**Provided material**:
-- -- --

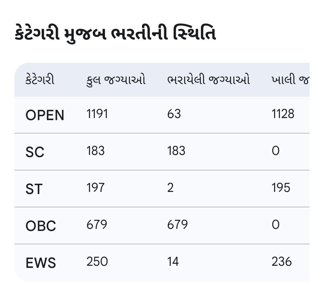 | કેટેગરી | કુલ જગ્યાઓ | ભરાયેલી જગ્યાઓ | ખાલી જગ્યાઓ |
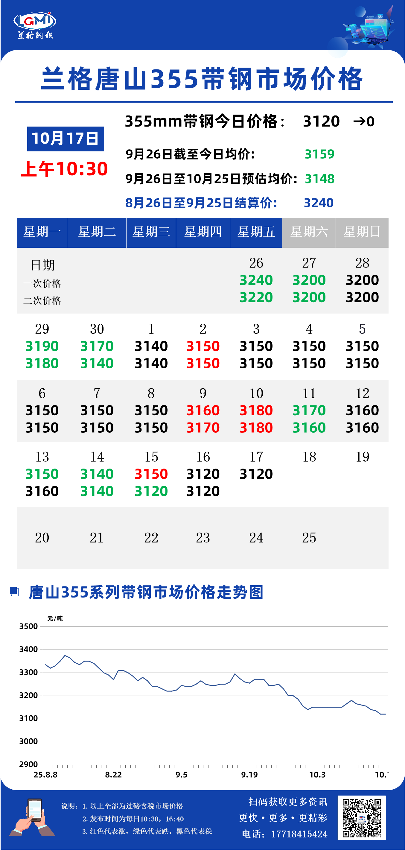 据兰格钢铁云商平台监测数据显示,截至10月17日10:30,唐山地区355系列带钢市场价格为3120元,较昨日市场收盘价格稳。
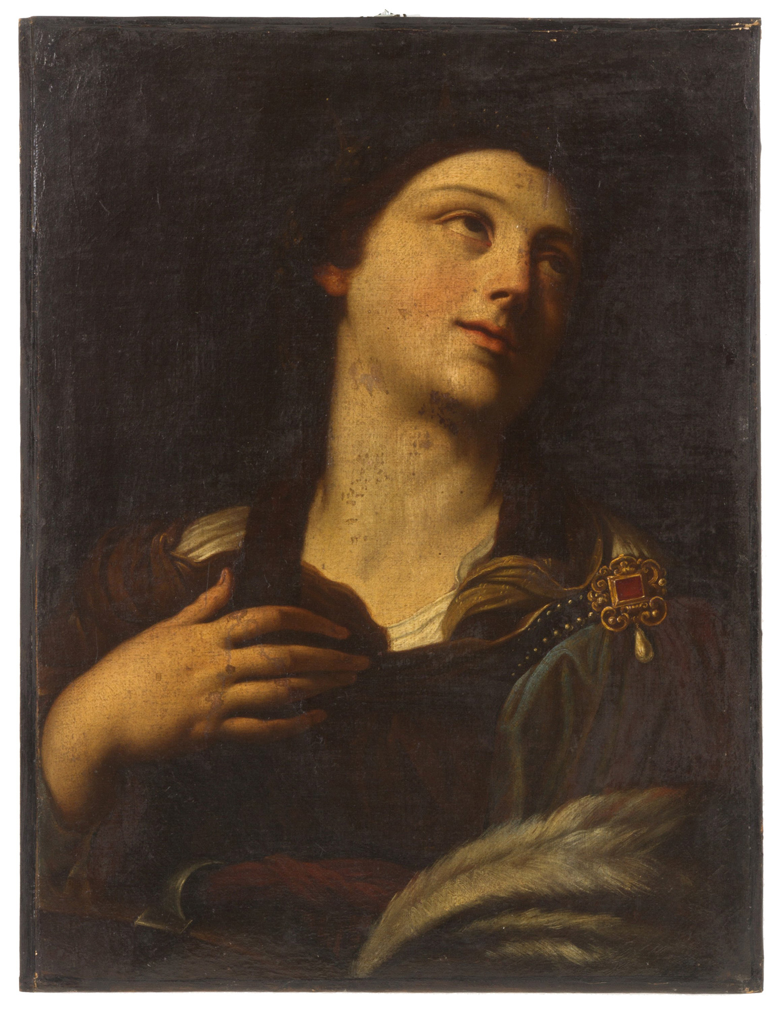 Oil painting on canvas depicting "SAINT". 17th century. Already relined and relined. 63.5x48.5cm approx. Dipinto olio su tela raffigurante "SANTA IN ESTASI". XVII secolo. Già rintelato e rintelaiato. 63,5x48,5 cm ca.

-- -- --

All of the material is to be reproduced verbatim, pictures excluded.

**Result of this exercise**:
 | કેટેગરી | કુલ જગ્યાઓ | ભરાયેલી જગ્યાઓ | ખાલી જગ્યાઓ |
 据兰格钢铁云商平台监测数据显示,截至10月17日10:30,唐山地区355系列带钢市场价格为3120元,较昨日市场收盘价格稳。
 Oil painting on canvas depicting "SAINT". 17th century. Already relined and relined. 63.5x48.5cm approx. Dipinto olio su tela raffigurante "SANTA IN ESTASI". XVII secolo. Già rintelato e rintelaiato. 63,5x48,5 cm ca.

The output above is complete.